Episode 3: In Harm's Way is an interesting installment to this season. For all that it is the same gameplay expected from the now familiar episodic model, this episode is also the longest episode so far in the series (even when including both the first and second seasons). Generally speaking, each of the previous installments can be completed in around 2 hours; by comparison, this installment clocks in around 3-4 hours, depending on how the player chooses to play—effectively lengthening the game by elongating dialog trees. There is also far less action than is expected—given the general backdrop of the episode—amounting to a handful of very short Quick Time Event (QTE) action play. Although there is an (inaccessible) inventory, at no point is it utilized to solve puzzles in this episode.
Instead, both action and puzzle plays are sacrificed for a tight, tense narrative—in which Telltale Games excels—that perhaps for the first time in the series really is largely determined by choices made in previous episodes outside of a few subtle dialog or character changes.

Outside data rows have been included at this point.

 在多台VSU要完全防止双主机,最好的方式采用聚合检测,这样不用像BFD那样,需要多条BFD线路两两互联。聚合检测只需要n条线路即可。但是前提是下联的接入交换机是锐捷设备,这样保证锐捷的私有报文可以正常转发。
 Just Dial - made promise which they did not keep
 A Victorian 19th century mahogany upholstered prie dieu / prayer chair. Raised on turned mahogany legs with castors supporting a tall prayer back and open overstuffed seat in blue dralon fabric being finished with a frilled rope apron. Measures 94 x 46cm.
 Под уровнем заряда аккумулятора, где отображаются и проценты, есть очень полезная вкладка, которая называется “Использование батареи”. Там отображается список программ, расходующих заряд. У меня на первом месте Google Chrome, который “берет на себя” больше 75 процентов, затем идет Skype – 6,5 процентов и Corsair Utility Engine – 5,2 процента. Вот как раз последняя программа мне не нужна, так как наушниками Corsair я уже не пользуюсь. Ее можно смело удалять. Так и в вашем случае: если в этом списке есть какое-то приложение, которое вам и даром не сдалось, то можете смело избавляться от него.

For example, failing to save a member of Clementine's group during the gunfight (as in my case) in the previous episode will lead to that character's absence in the current episode. As a direct result, a character from Carver's group may remain alive at the end of this episode because the character which the player fails to save is not present to kill the individual. While the overall linear nature of these episodes dictates that at some point most (if not all) of the player's choices will self correct in narrative by the final episode, it really is encouraging to see the developer experiment more with the consequences of choices in the series outside of minor cosmetic effects.
Additionally, this episode shows the effects of choices made in the bridging DLC episode, 400 Days, from the first season. The previous episode has already introduced Bonnie back into the fray, who is very present in this episode (no matter what choices the player makes in 400 Days, Bonnie will always join the group of survivors, and her presence in the current episode is not determinant). This episode also confirms that Carver's group is in fact the survivor camp previously introduced in the epilogue for 400 Days. Depending on the outcome—namely which characters decide to go with Tavia, Carver's recruiter—these same characters will show up at some point during this episode with a bit of throwaway dialog. For example, Vince may warn Tavia not to smoke inside the compound, and later Wyatt may speak to Clementine in passing.

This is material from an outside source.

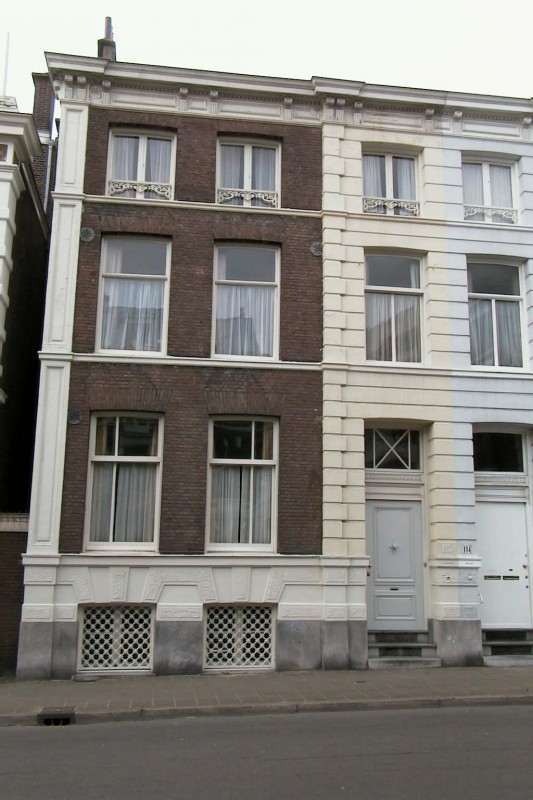 Herenhuis op rechthoekige plattegrond, bestaande uit een souterrain en drie bouwlagen onder een plat dak. De bouwlagen worden van elkaar gescheiden door geprofileerde, gepleisterde cordonlijsten. De bakstenen lijstgevel is drie vensterassen breed, waarvan de rechter als risaliet is behandeld en bezit een hardstenen plint. Het souterrain is voorzien van een geblokte bepleistering met rustica-effect. De hoek van de gevel wordt gemarkeerd door een pilaster met verdiepte velden. Het risaliet vormt het twee assen brede middendeel van de beide als eenheid ontworpen huizen en bezit een geblokte bepleistering. De in het risaliet geplaatste ingangspartij heeft een deur met rijk gesneden panelen met hoekrozetten, een deurkalf met diamantkopjes en een bovenlicht. De deur is bereikbaar via een hardstenen trapje met roosters. Op de eerste en tweede bouwlaag bevinden zich schuifvensters en op de derde stolpramen. De vensters op de eerste bouwlaag bezitten een uit het midden geplaatste en in het bovenlicht doorlopende middenstijl; op de tweede bouwlaag bezit het venster in het risaliet een T-kozijn. De gekoppelde souterrainvensters zijn voorzien van gietijzeren roosters. Voor de stolpramen zijn gietijzeren raamhekjes geplaatst. Het gekorniste hoofdgestel heeft een gepleisterd fries met rechthoekige panelen en een tandlijstje. De kroonlijst wordt gedragen door paarsgewijs geplaatste triglyfconsoles. De linkerzijgevel is gepleisterd.

The Walking Dead series has always pitted horrible choice against horrible choice, forcing the player to select between morally difficult decisions in increasingly no-win situations. It has also generally presented Clementine as a sort of beacon of goodness and light in a world where every character wrestles with duality and moral decisions. I mention this because in a particularly pivotal scene during this episode the game presents a very interesting conversation between antagonist Carver and protagonist Clementine, wherein Carver tells Clementine that she and he are in effect cut from the same cloth. While the dialog smacks a bit of hokey clichéd villainous speak—Carver stating that he makes monstrous decisions for the greater good, even if an individual suffers, because he genuinely believes he is doing it for the greater good—the scene breaks through the fourth wall, implying that the player, through Clementine, really is no different. Suddenly, this monster of a man is not only humanized but accuses the player of performing these same atrocious deeds—of perhaps making decisions without considering an individual's humanity. The series has never been more prescient.
For me, The Walking Dead: Season 2 Episode 3: In Harm's Way is the best episode of this season of The Walking Dead to date. I understand that some fans may be disappointed with the current installment for its lack of action or for extending dialog in a way that may seem like padding. However, I sincerely hope to see more of the same in the remaining episodes of this season as well as any subsequent continuations for the series.